#### [Exercise brief]
Quote exactly the lines from the start of the entries to the one with "وخلال الاجتماع الذي", both ends included.

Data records
= Beginning of Section =
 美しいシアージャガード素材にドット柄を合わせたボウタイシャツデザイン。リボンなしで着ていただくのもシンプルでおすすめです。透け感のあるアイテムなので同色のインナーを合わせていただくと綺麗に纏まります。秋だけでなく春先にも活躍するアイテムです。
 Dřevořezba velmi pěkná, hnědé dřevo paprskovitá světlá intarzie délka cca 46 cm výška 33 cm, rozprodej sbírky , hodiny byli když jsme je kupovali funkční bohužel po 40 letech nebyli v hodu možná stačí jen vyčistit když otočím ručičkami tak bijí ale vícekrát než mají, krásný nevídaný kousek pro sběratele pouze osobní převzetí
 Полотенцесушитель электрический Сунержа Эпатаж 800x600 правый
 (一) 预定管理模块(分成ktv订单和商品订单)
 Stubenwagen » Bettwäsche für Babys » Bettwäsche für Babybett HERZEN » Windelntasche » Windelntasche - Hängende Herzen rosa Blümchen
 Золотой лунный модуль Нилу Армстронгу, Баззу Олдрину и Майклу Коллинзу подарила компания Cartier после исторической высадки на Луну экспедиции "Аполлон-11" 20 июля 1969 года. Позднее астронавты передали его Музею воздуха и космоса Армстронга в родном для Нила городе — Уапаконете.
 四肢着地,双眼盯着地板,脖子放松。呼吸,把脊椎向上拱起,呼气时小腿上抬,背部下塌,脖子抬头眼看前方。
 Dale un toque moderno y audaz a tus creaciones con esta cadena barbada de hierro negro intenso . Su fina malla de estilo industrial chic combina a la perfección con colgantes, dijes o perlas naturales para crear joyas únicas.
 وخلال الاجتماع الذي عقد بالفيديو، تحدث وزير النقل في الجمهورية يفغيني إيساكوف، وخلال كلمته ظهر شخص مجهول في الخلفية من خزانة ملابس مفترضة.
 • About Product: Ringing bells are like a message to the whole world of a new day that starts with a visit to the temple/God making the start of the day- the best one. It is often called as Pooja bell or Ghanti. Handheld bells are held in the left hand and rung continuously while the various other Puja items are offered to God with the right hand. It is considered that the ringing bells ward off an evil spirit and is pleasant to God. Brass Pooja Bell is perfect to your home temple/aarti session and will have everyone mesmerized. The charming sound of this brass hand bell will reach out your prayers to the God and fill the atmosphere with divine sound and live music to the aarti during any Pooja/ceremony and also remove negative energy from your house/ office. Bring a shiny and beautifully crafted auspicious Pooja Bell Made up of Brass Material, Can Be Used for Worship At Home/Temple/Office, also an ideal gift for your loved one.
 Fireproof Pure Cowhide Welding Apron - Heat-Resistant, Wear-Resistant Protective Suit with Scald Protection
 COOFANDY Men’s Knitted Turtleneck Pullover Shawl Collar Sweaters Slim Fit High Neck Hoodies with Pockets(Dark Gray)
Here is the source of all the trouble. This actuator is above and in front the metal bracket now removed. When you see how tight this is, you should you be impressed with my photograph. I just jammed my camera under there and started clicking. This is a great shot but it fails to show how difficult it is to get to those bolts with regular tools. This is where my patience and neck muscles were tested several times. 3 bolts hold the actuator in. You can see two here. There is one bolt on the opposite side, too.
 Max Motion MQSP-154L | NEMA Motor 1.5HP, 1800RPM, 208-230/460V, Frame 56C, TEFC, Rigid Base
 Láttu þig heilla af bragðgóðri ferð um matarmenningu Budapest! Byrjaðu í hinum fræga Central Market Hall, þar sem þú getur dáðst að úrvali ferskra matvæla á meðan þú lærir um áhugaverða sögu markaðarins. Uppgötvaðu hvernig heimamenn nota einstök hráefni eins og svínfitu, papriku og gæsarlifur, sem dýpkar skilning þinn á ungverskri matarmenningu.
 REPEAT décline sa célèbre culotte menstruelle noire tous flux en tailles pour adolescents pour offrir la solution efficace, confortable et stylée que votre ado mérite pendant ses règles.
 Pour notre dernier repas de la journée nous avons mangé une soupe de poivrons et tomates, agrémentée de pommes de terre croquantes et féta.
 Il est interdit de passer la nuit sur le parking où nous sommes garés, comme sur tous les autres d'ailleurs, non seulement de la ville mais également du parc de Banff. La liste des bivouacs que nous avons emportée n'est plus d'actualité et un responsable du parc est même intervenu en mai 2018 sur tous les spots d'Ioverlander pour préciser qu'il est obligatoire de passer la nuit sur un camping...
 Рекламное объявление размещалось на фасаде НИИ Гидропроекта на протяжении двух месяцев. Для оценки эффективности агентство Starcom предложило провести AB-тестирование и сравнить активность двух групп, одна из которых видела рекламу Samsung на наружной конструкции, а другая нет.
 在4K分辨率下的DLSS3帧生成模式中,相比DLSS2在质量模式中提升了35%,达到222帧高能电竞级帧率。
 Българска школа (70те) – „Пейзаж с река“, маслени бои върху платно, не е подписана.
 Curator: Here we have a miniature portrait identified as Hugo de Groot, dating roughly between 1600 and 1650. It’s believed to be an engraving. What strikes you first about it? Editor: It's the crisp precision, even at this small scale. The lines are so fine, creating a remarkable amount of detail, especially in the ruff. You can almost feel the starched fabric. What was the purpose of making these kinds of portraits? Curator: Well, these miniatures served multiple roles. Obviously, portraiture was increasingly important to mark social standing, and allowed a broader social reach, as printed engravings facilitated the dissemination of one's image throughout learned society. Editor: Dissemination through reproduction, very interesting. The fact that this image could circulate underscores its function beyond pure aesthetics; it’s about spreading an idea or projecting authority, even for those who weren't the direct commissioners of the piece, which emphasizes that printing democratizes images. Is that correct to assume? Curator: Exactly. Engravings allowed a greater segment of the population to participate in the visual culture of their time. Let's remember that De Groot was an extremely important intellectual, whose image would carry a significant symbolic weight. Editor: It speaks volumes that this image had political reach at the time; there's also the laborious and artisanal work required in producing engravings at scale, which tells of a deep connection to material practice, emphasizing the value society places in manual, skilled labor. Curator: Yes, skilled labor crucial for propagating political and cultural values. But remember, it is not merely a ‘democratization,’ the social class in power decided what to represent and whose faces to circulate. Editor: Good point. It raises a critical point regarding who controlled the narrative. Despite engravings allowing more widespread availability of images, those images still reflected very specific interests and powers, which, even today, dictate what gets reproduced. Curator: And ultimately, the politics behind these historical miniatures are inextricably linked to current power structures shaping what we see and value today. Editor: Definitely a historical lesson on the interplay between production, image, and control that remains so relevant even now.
= End of Section =
#### [Result below]
 美しいシアージャガード素材にドット柄を合わせたボウタイシャツデザイン。リボンなしで着ていただくのもシンプルでおすすめです。透け感のあるアイテムなので同色のインナーを合わせていただくと綺麗に纏まります。秋だけでなく春先にも活躍するアイテムです。
 Dřevořezba velmi pěkná, hnědé dřevo paprskovitá světlá intarzie délka cca 46 cm výška 33 cm, rozprodej sbírky , hodiny byli když jsme je kupovali funkční bohužel po 40 letech nebyli v hodu možná stačí jen vyčistit když otočím ručičkami tak bijí ale vícekrát než mají, krásný nevídaný kousek pro sběratele pouze osobní převzetí
 Полотенцесушитель электрический Сунержа Эпатаж 800x600 правый
 (一) 预定管理模块(分成ktv订单和商品订单)
 Stubenwagen » Bettwäsche für Babys » Bettwäsche für Babybett HERZEN » Windelntasche » Windelntasche - Hängende Herzen rosa Blümchen
 Золотой лунный модуль Нилу Армстронгу, Баззу Олдрину и Майклу Коллинзу подарила компания Cartier после исторической высадки на Луну экспедиции "Аполлон-11" 20 июля 1969 года. Позднее астронавты передали его Музею воздуха и космоса Армстронга в родном для Нила городе — Уапаконете.
 四肢着地,双眼盯着地板,脖子放松。呼吸,把脊椎向上拱起,呼气时小腿上抬,背部下塌,脖子抬头眼看前方。
 Dale un toque moderno y audaz a tus creaciones con esta cadena barbada de hierro negro intenso . Su fina malla de estilo industrial chic combina a la perfección con colgantes, dijes o perlas naturales para crear joyas únicas.
 وخلال الاجتماع الذي عقد بالفيديو، تحدث وزير النقل في الجمهورية يفغيني إيساكوف، وخلال كلمته ظهر شخص مجهول في الخلفية من خزانة ملابس مفترضة.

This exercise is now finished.